• [TASK OBJECTIVE] What is needed is an exact repetition of the lines from the first one in the data through the line with "Located at the", with no pictures.

• [INFORMATION SUPPLIED]
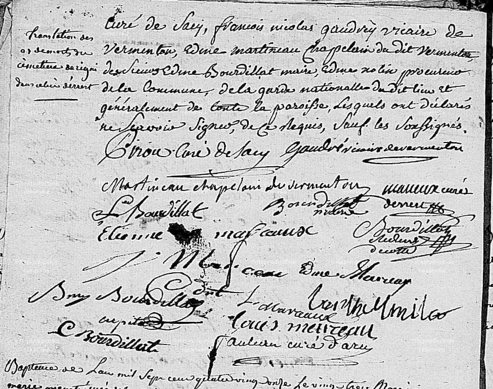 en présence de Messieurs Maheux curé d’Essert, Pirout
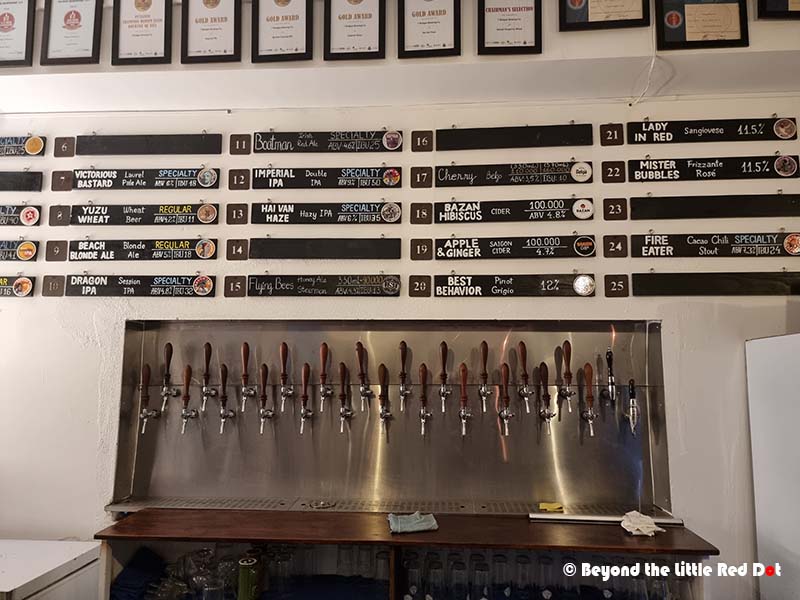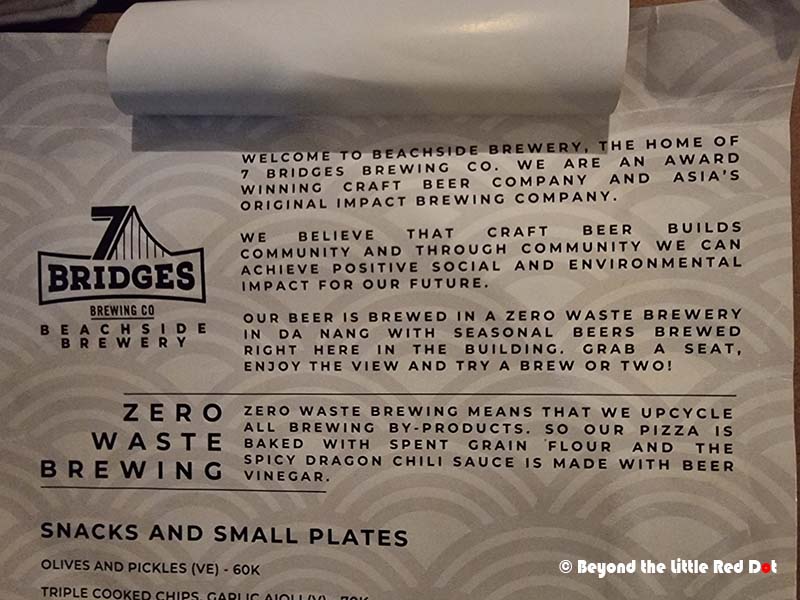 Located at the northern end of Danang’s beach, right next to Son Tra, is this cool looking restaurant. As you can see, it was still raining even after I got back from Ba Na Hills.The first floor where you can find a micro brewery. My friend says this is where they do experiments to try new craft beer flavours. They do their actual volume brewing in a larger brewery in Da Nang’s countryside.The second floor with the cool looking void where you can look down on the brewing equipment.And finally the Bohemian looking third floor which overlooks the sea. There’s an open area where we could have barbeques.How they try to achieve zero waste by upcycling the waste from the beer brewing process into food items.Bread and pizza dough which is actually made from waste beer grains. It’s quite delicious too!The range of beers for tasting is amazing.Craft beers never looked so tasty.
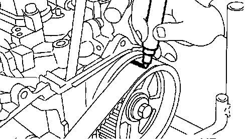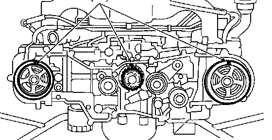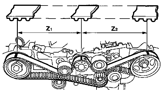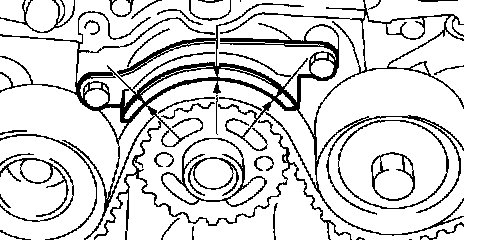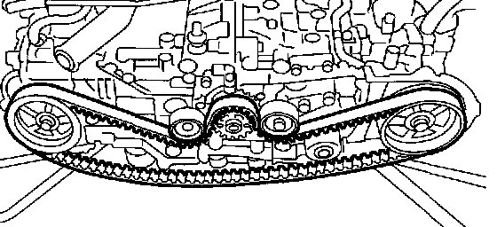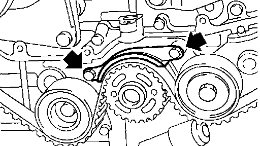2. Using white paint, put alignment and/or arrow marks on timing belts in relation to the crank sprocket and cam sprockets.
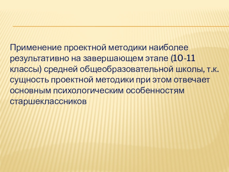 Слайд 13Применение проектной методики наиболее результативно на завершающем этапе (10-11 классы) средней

• [SOLUTION FOR THIS EXERCISE]
 en présence de Messieurs Maheux curé d’Essert, Pirout
 Located at the northern end of Danang’s beach, right next to Son Tra, is this cool looking restaurant. As you can see, it was still raining even after I got back from Ba Na Hills.The first floor where you can find a micro brewery. My friend says this is where they do experiments to try new craft beer flavours. They do their actual volume brewing in a larger brewery in Da Nang’s countryside.The second floor with the cool looking void where you can look down on the brewing equipment.And finally the Bohemian looking third floor which overlooks the sea. There’s an open area where we could have barbeques.How they try to achieve zero waste by upcycling the waste from the beer brewing process into food items.Bread and pizza dough which is actually made from waste beer grains. It’s quite delicious too!The range of beers for tasting is amazing.Craft beers never looked so tasty.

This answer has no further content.